Lewis Cianci dives into mobile DevOps – what is it? Is it somehow different from “normal” DevOps? How to switch to mobile DevOps? Where to start?
Lately, it feels like there is an ever-increasing number of terms and phrases that refer to newer ways to develop software. It can be hard to keep up and understand what all these new terms mean or what they specifically mean to you. As someone who has been automating application builds and tests for a few years now, when I heard of the term “Mobile DevOps,” even I wondered what made it different from “Normal DevOps” (that is, the DevOps processes that I already used in my applications and experienced in my teams).

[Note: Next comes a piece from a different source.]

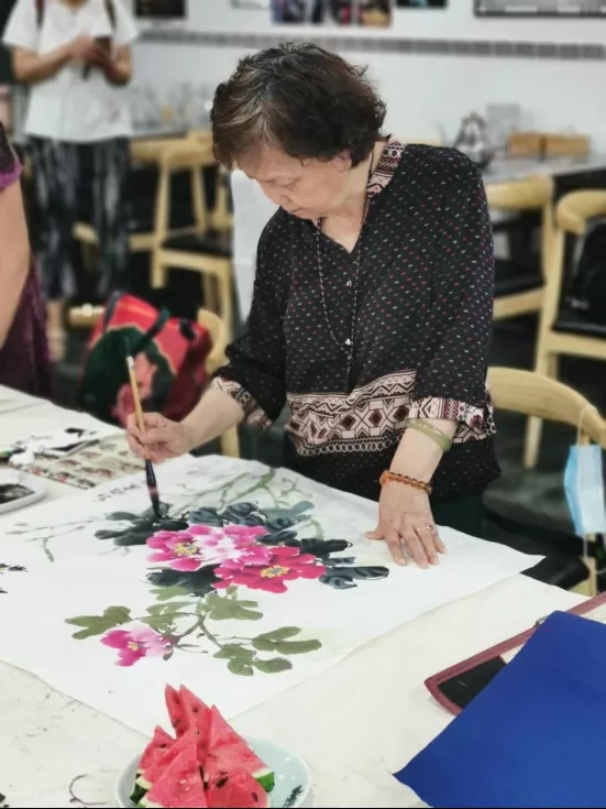 正在學(xué)習(xí)國(guó)畫創(chuàng)作的社區(qū)老年人。 求是記者 韓辰 攝

Unfortunately, DevOps in itself has become something of a buzzword. Worse still, many online services fit well into a DevOps pipeline. This can be a bad thing because when you search online for DevOps or even Mobile DevOps, a lot of the information you read online is on sites that are trying to sell you their very own solutions that fit into that pipeline. So, if you need to be in a meeting in five minutes and you’ve searched “What is mobile DevOps?” on Google and landed on this article, let me make it simple for you. It’s just the DevOps methodology applied to phone apps. That’s it. It’s not “mobile.” It doesn’t go anywhere. It’s literally everything you know and love about DevOps, just applied to the context of phone apps.
But for a long time, software development agencies got software completed and out the door without anything DevOps related. And if you’re coming from a more “traditional” waterfall approach to software development, it can be beneficial to reflect on what DevOps can offer you and, more precisely, what Mobile DevOps can offer your development team.
So let’s take a simple approach to understanding what Mobile DevOps is and how it can fit into your pipeline. To do so, let’s consider how software development practices have changed over the years.
In the beginning, there was the waterfall
For a long time, software development projects used the “waterfall” model for their software development lifecycle (SDLC). The waterfall approach looked like this:
Waterfall Method (Peter Kemp/Paul Smith) before DevOps
The stages of the waterfall model were as follows:
- Requirements – Clearly define the requirements of the application. In this phase, it’s important to capture all of the possible requirements for the system.
- Design – Use the requirements determined in the previous step to work out a system design. This is the part where we would normally also define what hardware and software we would need for our software to work.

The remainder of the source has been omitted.